Patient reported outcomes and experiences mostly are collected as a one-off (cross-sectional) assessment, most frequently using pencil and paper, resulting in a burden for patient and staff. As a consequence, surveys are restricted in size, decreasing the relevance and spectrum of the topics explored. The advent of new digital technologies opens the door to more continuous, in-depth and online reporting of symptoms and experiences of patients, in a more feasible, sustainable and cost-effective way [84]. In the most simple format, patients can use a tablet or handheld device to complete questionnaires during waiting times in the hospital. More sophisticated systems allow for a continuous reporting of symptoms and outcomes through smartphones or wearables. Some systems rely on algorithms that infer treatment recommendations or advice to plan earlier consultations from the data provided [85]. Such systems for digital symptom reporting can have a positive impact on the quality of healthcare with reduced symptom distress, improved symptom burden through better self-management, improved health-related quality of life and higher quality of interaction with healthcare professionals.
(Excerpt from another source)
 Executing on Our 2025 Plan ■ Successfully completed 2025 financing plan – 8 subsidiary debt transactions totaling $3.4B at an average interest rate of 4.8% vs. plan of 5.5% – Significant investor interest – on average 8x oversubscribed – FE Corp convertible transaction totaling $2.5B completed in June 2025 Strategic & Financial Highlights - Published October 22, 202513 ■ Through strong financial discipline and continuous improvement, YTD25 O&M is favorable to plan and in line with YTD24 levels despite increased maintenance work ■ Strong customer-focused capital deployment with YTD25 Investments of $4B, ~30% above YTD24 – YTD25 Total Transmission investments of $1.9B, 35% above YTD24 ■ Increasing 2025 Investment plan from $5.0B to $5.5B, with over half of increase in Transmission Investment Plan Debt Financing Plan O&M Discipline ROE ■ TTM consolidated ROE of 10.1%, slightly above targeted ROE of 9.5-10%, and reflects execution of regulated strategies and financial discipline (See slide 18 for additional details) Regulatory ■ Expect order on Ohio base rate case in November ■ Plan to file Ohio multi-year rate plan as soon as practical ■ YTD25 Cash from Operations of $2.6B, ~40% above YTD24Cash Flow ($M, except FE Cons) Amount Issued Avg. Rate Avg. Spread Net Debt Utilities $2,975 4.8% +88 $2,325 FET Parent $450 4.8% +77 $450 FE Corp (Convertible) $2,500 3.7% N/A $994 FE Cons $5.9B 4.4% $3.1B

Going one step further would be to track patient data continuously, for example by using smartwatches to register heartbeat, or geolocation to assess mobility, activity and independence as a surrogate of well-being [66]. Even ‘smart’ pills, monitoring adherence to medication intake, are possible these days using AI technology [86]. Although attractive at first sight, many unresolved issues remain before such systems can be more widely used [86]. Major points of concern are the safeguarding of privacy and the likely impact on attitudes of insurance companies and healthcare organizations when the possibility of eavesdropping on all movements of patients all of the time makes it easier to distinguish high and low risk patients from their point of view.